A good way to illustrate the test is to check whether the mean fuel consumption (mpg, miles per gallon) of cars with 4, 6, and 8 cylinders (cyl) differ significantly from each other.

# Sample means
aggregate(mpg ~ cyl, data = data, FUN = mean)

  cyl      mpg
1   4 26.66364
2   6 19.74286
3   8 15.10000

We see that the sample means are different. We still need to know if they are significantly different. Plotting a boxplot can help us get an intuition. We can see that, except for the 4-cylinder group which has a higher variance, the groups are quite concentrated, so we might suspect that the differences are significant.

# Boxplot
boxplot(mpg ~ cyl, data = data)

Figure 1: Boxplot of fuel consumption by number of cylinders.

The t-test has several variations — one sample, two paired samples, two independent samples — and corrections to handle differences in variance. For this case, we have three independent samples and, for now, let’s assume that the variance of the 4-cylinder group differs from the others and that the variances of the 6- and 8-cylinder groups are equal — we’ll leave variance analysis for another post. This leaves us with the t-test for two independent samples.

The null hypothesis of the test is that the means are significantly equal. The alternative hypothesis can be formulated as the non-nullity of the difference between the means or \(\bar{X_1}\) greater or less than \(\bar{X_2}\). Here we will use the first option:

\[ h_0: \bar{X_1} - \bar{X_2} = 0 \\ h_1: \bar{X_1} - \bar{X_2} \neq 0 \] The t statistic for this test is calculated as below. Note that if we take the limit of \(t(n)\), with \(n \rightarrow \infty\), \(t\rightarrow \infty\), causing the rejection of \(h_0\). Thus, ultimately, the t-test is a sample size test, that is, if your sample is large enough and the means diverge, they will also tend to be significantly different.

\[ t = \frac{\bar{X_1} - \bar{X_2}}{s_p . \sqrt{\frac{1}{n_1}+\frac{1}{n_2}}} \]

As a first case, let’s compare the mean fuel consumption of vehicles with 6 and 8 cylinders. Since we are considering their variances to be equal, we must use the argument var.equal = TRUE:

# t-test for 6 and 8 cylinders
t.test(mpg ~ cyl, data = data[which(data$cyl != 4),], var.equal = TRUE)


    Two Sample t-test

data:  mpg by cyl
t = 4.419, df = 19, p-value = 0.0002947
alternative hypothesis: true difference in means between group 6 and group 8 is not equal to 0
95 percent confidence interval:
 2.443809 6.841905
sample estimates:
mean in group 6 mean in group 8 
       19.74286        15.10000

With a p-value of zero, we can reject the null hypothesis and consider that the mean fuel consumption between vehicles with 6 and 8 cylinders differs.

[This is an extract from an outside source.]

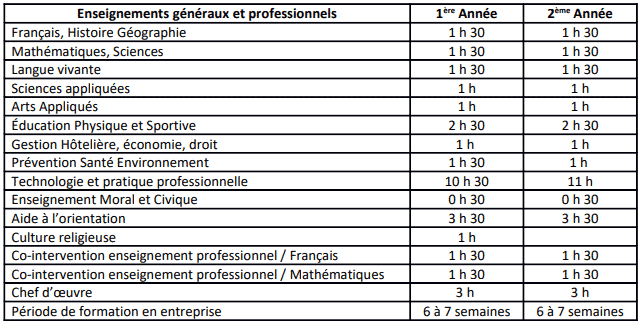 Les compétences acquises au cours des deux années de formation sont théoriques et pratiques. Elles permettent l’insertion professionnelle directe. L’enseignement théorique en technologie culinaire, gestion, hygiène, mathématiques, français et anglais (possibilité de poursuivre une LV2) est prodigué au Lycée. La formation pratique est assurée au lycée en cuisine pédagogique et en entreprise lors d’un stage de 14 semaines.

For the other comparisons, let’s use the default for var.equal, which is FALSE. This means applying Welch’s correction for independent samples with different variances. As expected, we can also reject the null hypothesis and confirm the difference in mean fuel consumption between vehicles with 4 and 6 cylinders and 4 and 8 cylinders.

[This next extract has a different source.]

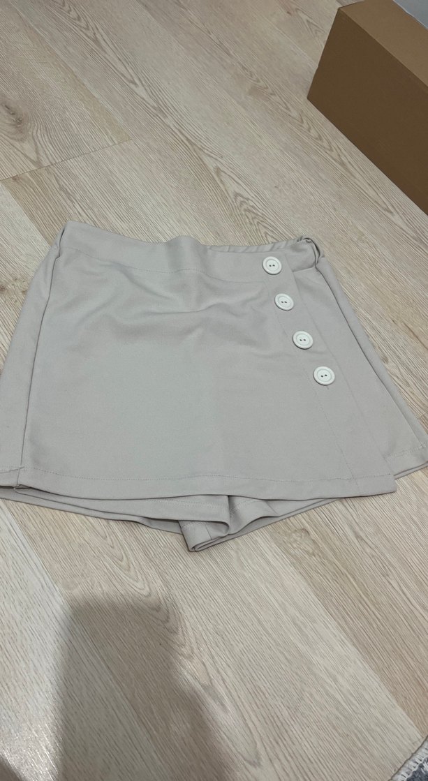Bej renkte, düğmeli detaylı ve bol kesim mini etek. Düz ve sentetik kumaştan, günlük sokak giyimine uygun.

# t-test for 4 and 8 cylinders
t.test(mpg ~ cyl, data = data[which(data$cyl != 6),])


    Welch Two Sample t-test

data:  mpg by cyl
t = 7.5967, df = 14.967, p-value = 1.641e-06
alternative hypothesis: true difference in means between group 4 and group 8 is not equal to 0
95 percent confidence interval:
  8.318518 14.808755
sample estimates:
mean in group 4 mean in group 8 
       26.66364        15.10000

# t-test for 4 and 6 cylinders
t.test(mpg ~ cyl, data = data[which(data$cyl != 8),])

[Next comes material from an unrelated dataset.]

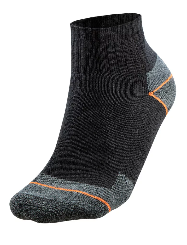 NEO munkazokni kiváló minőségű pamutból készül, poliészterel és elasztánnal, továbbá akrillal amely biztosítja a kényelmet és a higiéniát a munka során. A lábujjakon és a sarkakon megerősített, ez védelmet biztosít a gyors kopás ellen. Fekete színben narancssárga és szürke betétekkel.

    Welch Two Sample t-test

data:  mpg by cyl
t = 4.7191, df = 12.956, p-value = 0.0004048
alternative hypothesis: true difference in means between group 4 and group 6 is not equal to 0
95 percent confidence interval:
  3.751376 10.090182
sample estimates:
mean in group 4 mean in group 6 
       26.66364        19.74286

Easy peasy lemon squeezy, right?